With other homeless people he was visiting a food dispensing point, where volunteers from the Depaul organization operate regularly (more about that later).
Back then, he got a severe feet infection and he could barely walk. His health condition was serious, so Maxim from Depaul took him to the hospital, where antibiotics cured the infection and returned him some physical strength…
Arriving to Odessa
After spending two weeks in Kiev, we, together with p. Vitaliy, drove to Odessa, a large port city in the south of Ukraine. After six hours of driving we were tired, but we were looking forward to new experiences and new people that God sends us on our way. Father Vitaliy is one of them.
Father Vitaliy Novak
Young, ambitious, entrepreneurial and full of energy. Born over the Carpathian mountains, but found his place and mission in Odessa, a city that cries for help of people who could dedicate their live to sacrifice it for the others. He is a Greek-Catholic and a member of the Missionary society of the Lazarists. Through his work and ambitious projects I have mentioned earlier, he has proved that the sacrifice and dedication can do much good.
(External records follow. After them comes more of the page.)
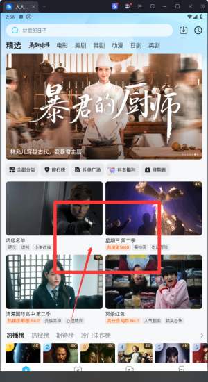 1、首先打开下载好的软件,进入软件后点击界面上方的搜索框搜索想要下载的影视;
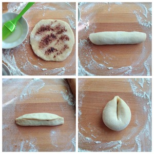 Присыпаем сахаром, в расчёте 1 ч л на 1 круг, корицей - 0.5 ч л на 1 круг. Корицей и сахаром присыпайте по вкусу. Скручиваем рулетик, прищипываем край, соединяем концы (см. фото).
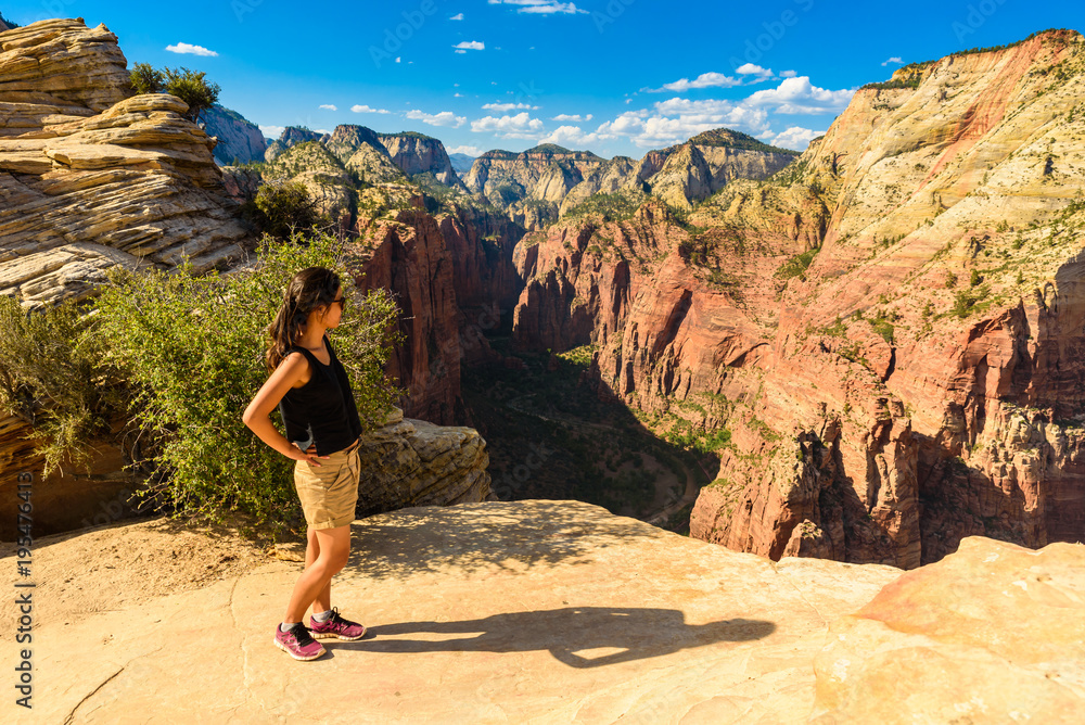 Beautiful scenery in Zion National Park with the virgin river, Hiking along the Angel's Landing trail, Utah, USA
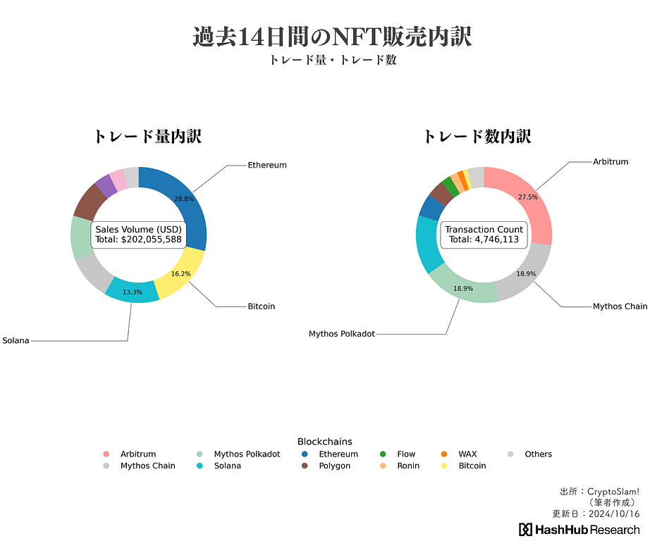 - 過去14日間のトレード数はおよそ474万件、Arbitrum、Mythos Chain、Mythos Polkadotの順に多い
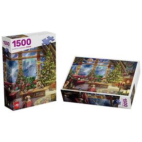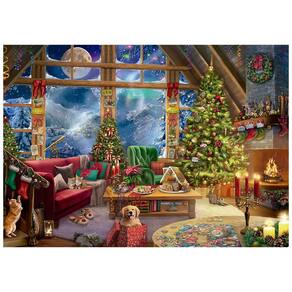 Celebre a magia do Natal com nosso quebra-cabeça de 1500 peças, "Noite Feliz"! A imagem apresenta uma cena encantadora de uma casa natalina, com uma janela que dá para a neve caindo suavemente, uma árvore de Natal iluminada e uma lareira, criando um ambiente aconchegante e acolhedor.
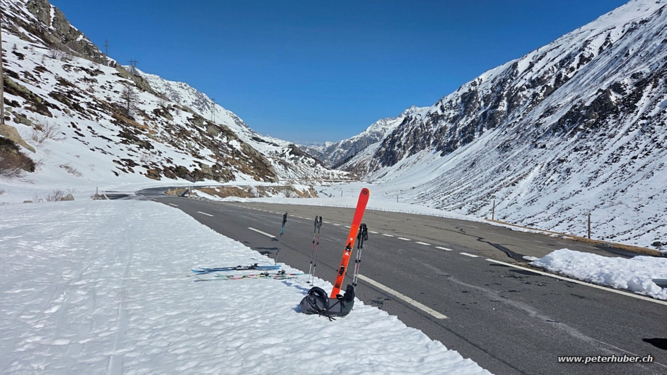 Abfahrt auf der Gotthardpassstrasse nicht so spassig, leichter Bremsschnee. Die Fahrbahn ist einspurig bereits geräumt. Für die Abfahrt reicht der Schnee auf der anderen Fahrbahn gerade noch so knapp, einige kurze apere Stellen.
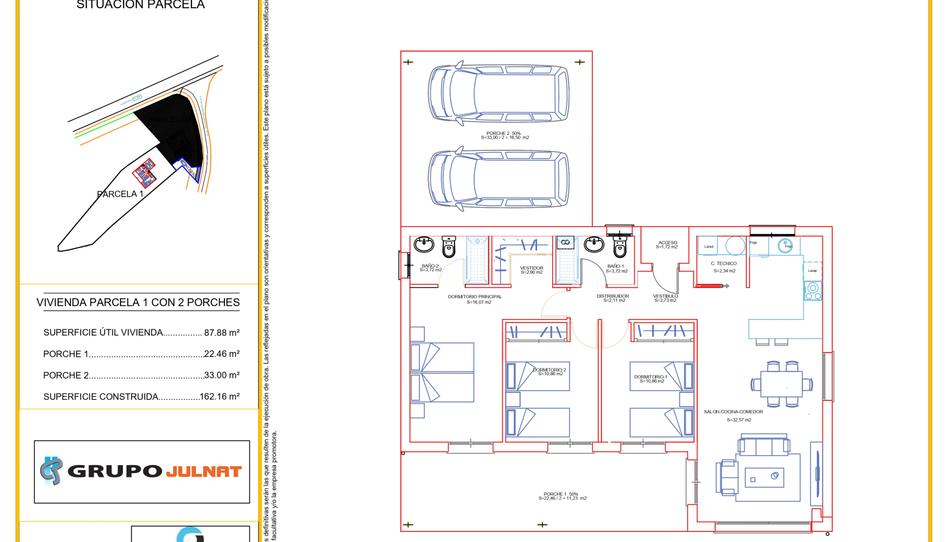 Chalets individuales de planta baja dividida en: 3 habitaciones, 2 baños, salón-comedor y cocina. Siendo opcional, garaje para vehículos. Todos nuestros chalets de obra nueva, llevan aerotermia para el agua caliente y suelo radiante.

In addition to having many responsibilities, he works as a chair of Depaul in Ukraine. Depaul is otherwise a member of the Vincentian Family, a network of numerous charities and religious congregations, whose common denominator is the charisma of St. Vincent de Paul.
Depaul, which is headquartered in London, is present in England, Ireland, Slovakia, Ukraine, France and the United States. Each year it helps more than 20,000 people. Its main mission are projects aimed at homeless.
One can read from their official website as follows:
Our Mission is to end homelessness and change the lives of those affected by it.
In Kiev we met Ian Brady, one of the leading members of the organization, just as he was attending a meeting of members of Depaul Ukraine. We presented him with our Operando Society and he invited us to Ireland, where Depaul has a strong presence and has been developing for fourteen years already.
Addiction treatment center
When p. Vitaly arrived to Odessa, he soon recognized the need for a rehabilitation center for drug and alcohol addicts.
Vodka, which is cheap enough in Ukraine, destroys families and lives. People get intoxicated because they see no future and they want to escape because they lose all hope.
In Kiev we’ve seen a lot of young people on the streets, staggering with bottles in their hands or sitting in front of stores or railway station.
There are treatment centers available, however the quality ones are usually expensive and most of them can not afford it.
Searching for solutions
‘What kind of a center suits the Ukrainians best?‘ p. Vitalij often asked himself. He decided to take some time to travel to European countries, where he could discover a variety of options and examples that might be most appropriate for the mission in Odessa.
In Dialogo community
He found the answer in Italy, after visiting the In Dialogo community (in the dialogue). They accept people who have problems with addictions and help them discover their own gifts in authentic human relations and responsible work, which in itself raises their self-esteem and self-image.
The project was enthusiastically supported by the then provincial of the Lazarists, p. Tomaž Mavrič (already wrote about him here). Male community in Ukraine went live in December 2012, a feminine one in April 2015, both on the outskirts of Odessa.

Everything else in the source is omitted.